February 22nd, 2010
I have had my sleep study and it is confirmed; I have sleep apnea. it is also confirmed that I was not overreacting. Apparently the percentage of red blood cells carrying oxygen should be between 90 and 99. Mine fell below sixty percent during the night of the sleep study. In and of itself the sleep study went a little better than I expected. I am by nature a fairly private person and almost nothing is more private than sleep, so I was not at all comfortable with the idea of being monitored all night while I slept. It really wasn’t as bad as I had feared. My one uncomfortable moment actually came when I woke up. I had to go in earlier than what my normal sleeping hours so after an hour of staring at the ceiling they gave me a sleeping pill to get me conked out. I guess I just imagined it, but it seemed like that was the best night’s sleep i’d had in months and when I woke up I felt a little foolish. I figured I had wasted everybody’s time since I’d slept so good. So I actually felt pretty relieved when we started going over the data and it turned out to be pretty severe. That’s kind of a perverse reaction I guess, but better than being embarrassed, eh?

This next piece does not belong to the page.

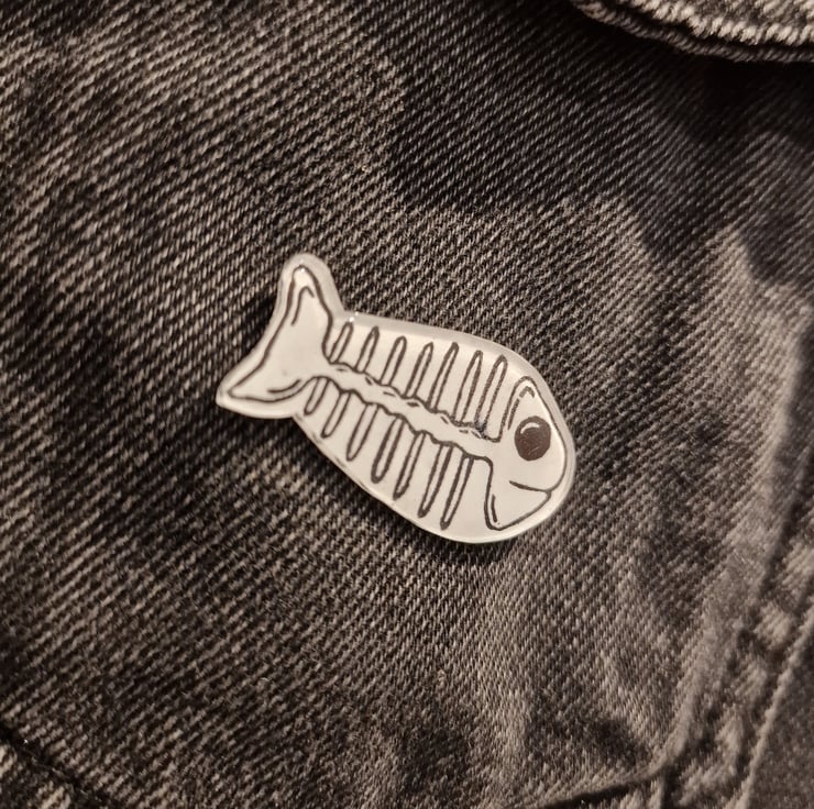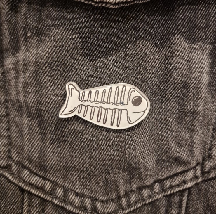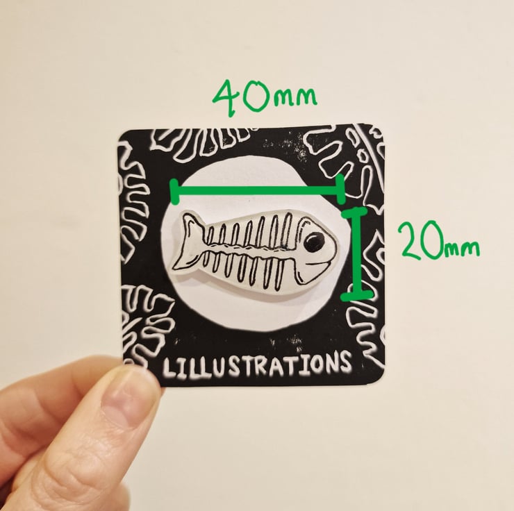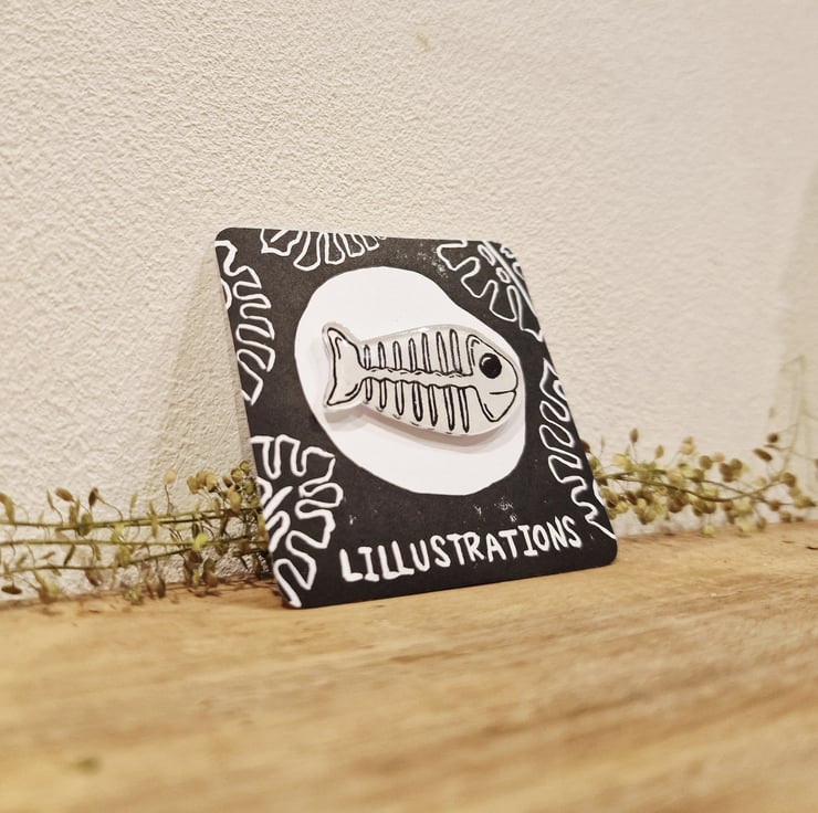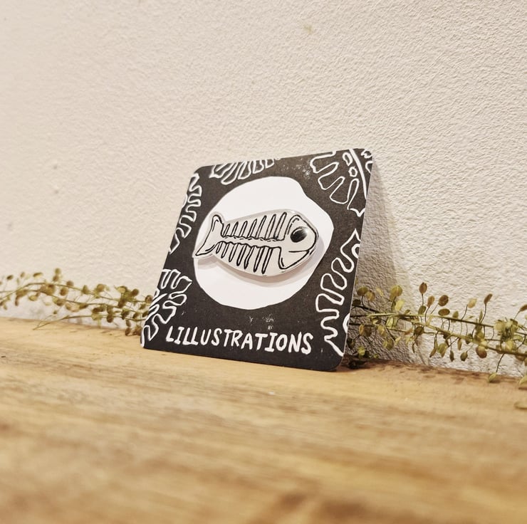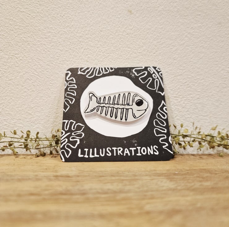 Lino Printed Fish Skeleton Pin Badge - Hand made by me, Lillustrations.

Of course the only really embarrassing thing was seeing myself in the mirror after I had all of the wires and sensors attached to me. In order to do the study they attach wires to: both legs to check for restless leg syndrome, two sensors to your chest to measure expansion and contraction so they know how much effort your breath takes, three sensors to your chest to monitor your heart beat, five or six sensors to your scalp to monitor your brain activity, two to the area of your eyes to know when you are in rem sleep, two to your jaws to let them know if you grind your teeth at night, one to your throat to know when you are snoring, and just to top things off they shove two tiny little sensors in your nose to monitor airflow. These items are all taped or pasted to you so they don’t come off in the night. You can imagine how you look with all of this draped on you as you fumble around in the bathroom in the middle of the night.
I hope sometime soon I’ll be able to pick up my CPAP (continuous positive air pressure) machine. I put off going to the doctor for far too long and now that I’ve made up my mind to take care of it I’m more than just a little impatient. It’s really frustrating that I’ve let it get to the point where it interferes with my work, but I live alone so I’ve been a little slow to realize how bad I snore. On the other hand I really haven’t had a good night’s sleep in what seems like years, so It’s really just my own damn fault.
The older I get the more often it seems like I have to say that.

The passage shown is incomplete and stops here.